◆ **Instructions to follow**:
Of all the entries below, retype only the lines from the one with "The KTWS–NNL stretch" through the one with "24K gold vermeil", exactly as they appear.

◆ **Excerpted data**:

--------------------------------------------------

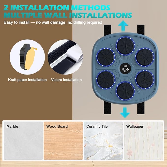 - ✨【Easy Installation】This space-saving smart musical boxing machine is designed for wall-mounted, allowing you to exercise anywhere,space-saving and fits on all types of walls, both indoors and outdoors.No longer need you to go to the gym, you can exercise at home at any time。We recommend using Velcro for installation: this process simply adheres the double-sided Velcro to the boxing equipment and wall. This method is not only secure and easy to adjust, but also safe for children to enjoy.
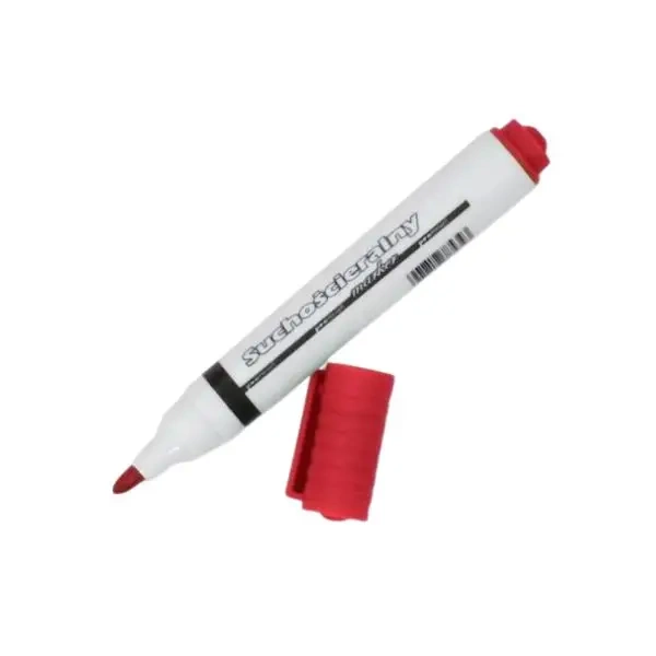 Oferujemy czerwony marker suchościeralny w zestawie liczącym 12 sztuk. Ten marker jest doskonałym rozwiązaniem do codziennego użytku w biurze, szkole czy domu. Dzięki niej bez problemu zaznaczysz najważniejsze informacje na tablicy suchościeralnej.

--------------------------------------------------

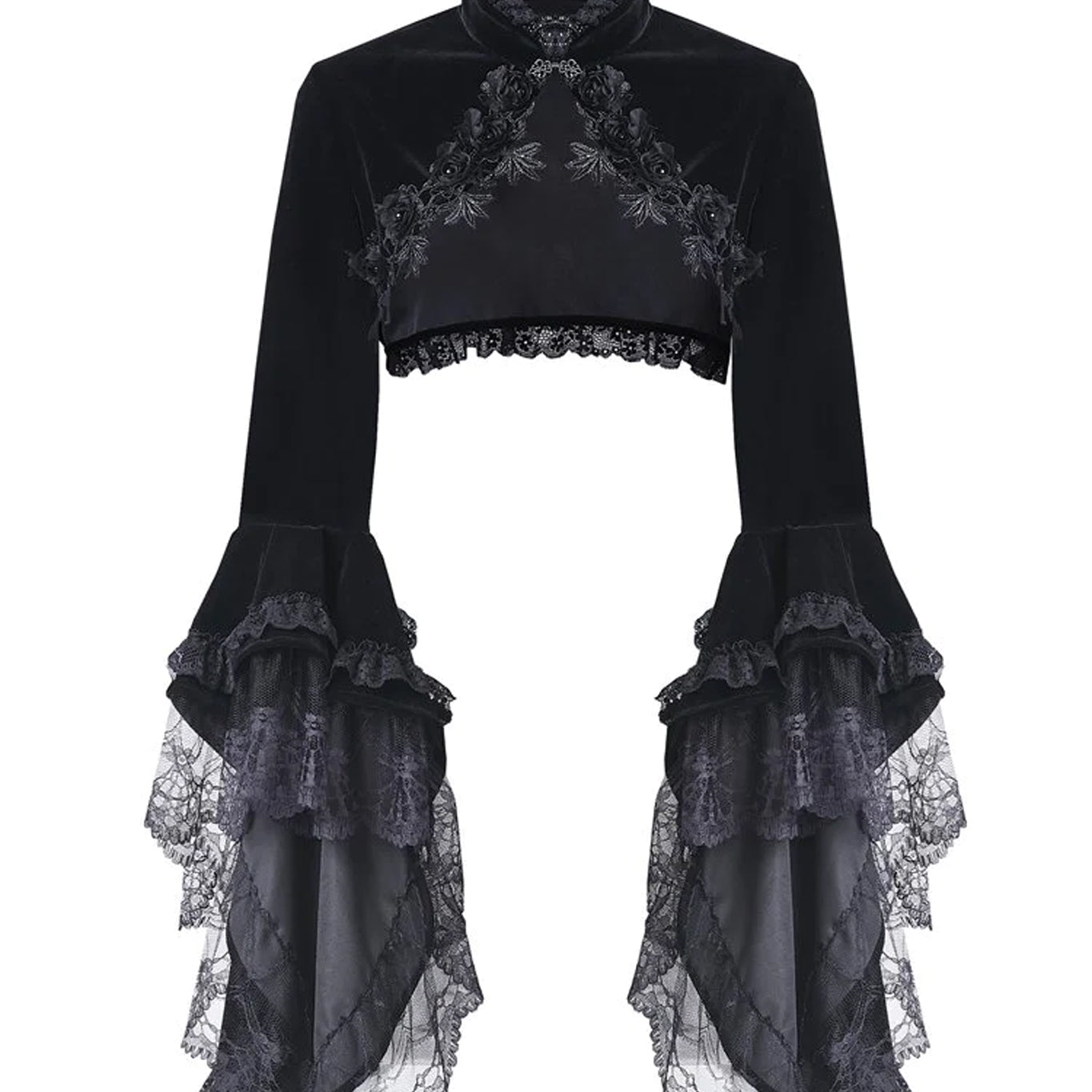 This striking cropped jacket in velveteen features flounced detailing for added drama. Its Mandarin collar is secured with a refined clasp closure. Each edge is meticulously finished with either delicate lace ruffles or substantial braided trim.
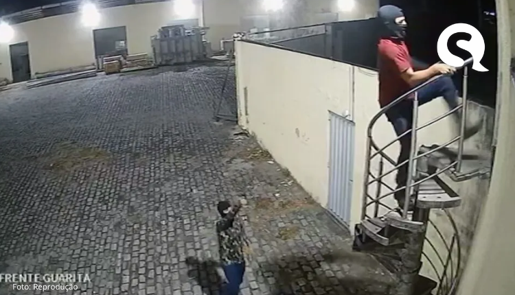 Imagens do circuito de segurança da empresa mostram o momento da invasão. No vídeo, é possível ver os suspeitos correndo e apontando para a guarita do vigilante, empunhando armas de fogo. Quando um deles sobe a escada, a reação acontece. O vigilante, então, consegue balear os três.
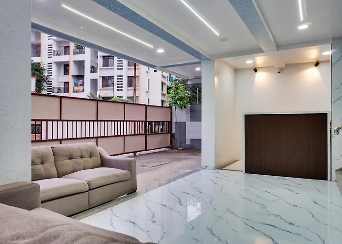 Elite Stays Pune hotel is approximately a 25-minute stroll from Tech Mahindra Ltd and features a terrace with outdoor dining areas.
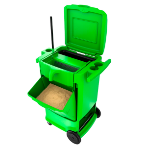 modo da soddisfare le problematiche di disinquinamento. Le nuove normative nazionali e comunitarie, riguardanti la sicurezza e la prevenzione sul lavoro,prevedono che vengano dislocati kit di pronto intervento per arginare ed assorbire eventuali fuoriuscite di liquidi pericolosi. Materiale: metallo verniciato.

--------------------------------------------------

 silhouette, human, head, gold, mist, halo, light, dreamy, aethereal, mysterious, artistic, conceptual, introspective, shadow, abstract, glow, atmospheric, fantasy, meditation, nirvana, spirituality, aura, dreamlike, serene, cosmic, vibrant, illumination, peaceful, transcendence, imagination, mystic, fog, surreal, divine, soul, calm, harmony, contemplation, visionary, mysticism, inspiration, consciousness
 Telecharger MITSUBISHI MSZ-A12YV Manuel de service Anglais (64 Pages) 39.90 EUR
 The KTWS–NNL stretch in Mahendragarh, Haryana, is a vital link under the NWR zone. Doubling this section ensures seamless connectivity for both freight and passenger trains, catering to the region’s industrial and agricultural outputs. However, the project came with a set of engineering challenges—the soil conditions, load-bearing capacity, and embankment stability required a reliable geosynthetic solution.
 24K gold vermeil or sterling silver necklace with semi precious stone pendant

--------------------------------------------------

◆ **Completed task**:
 The KTWS–NNL stretch in Mahendragarh, Haryana, is a vital link under the NWR zone. Doubling this section ensures seamless connectivity for both freight and passenger trains, catering to the region’s industrial and agricultural outputs. However, the project came with a set of engineering challenges—the soil conditions, load-bearing capacity, and embankment stability required a reliable geosynthetic solution.
 24K gold vermeil or sterling silver necklace with semi precious stone pendant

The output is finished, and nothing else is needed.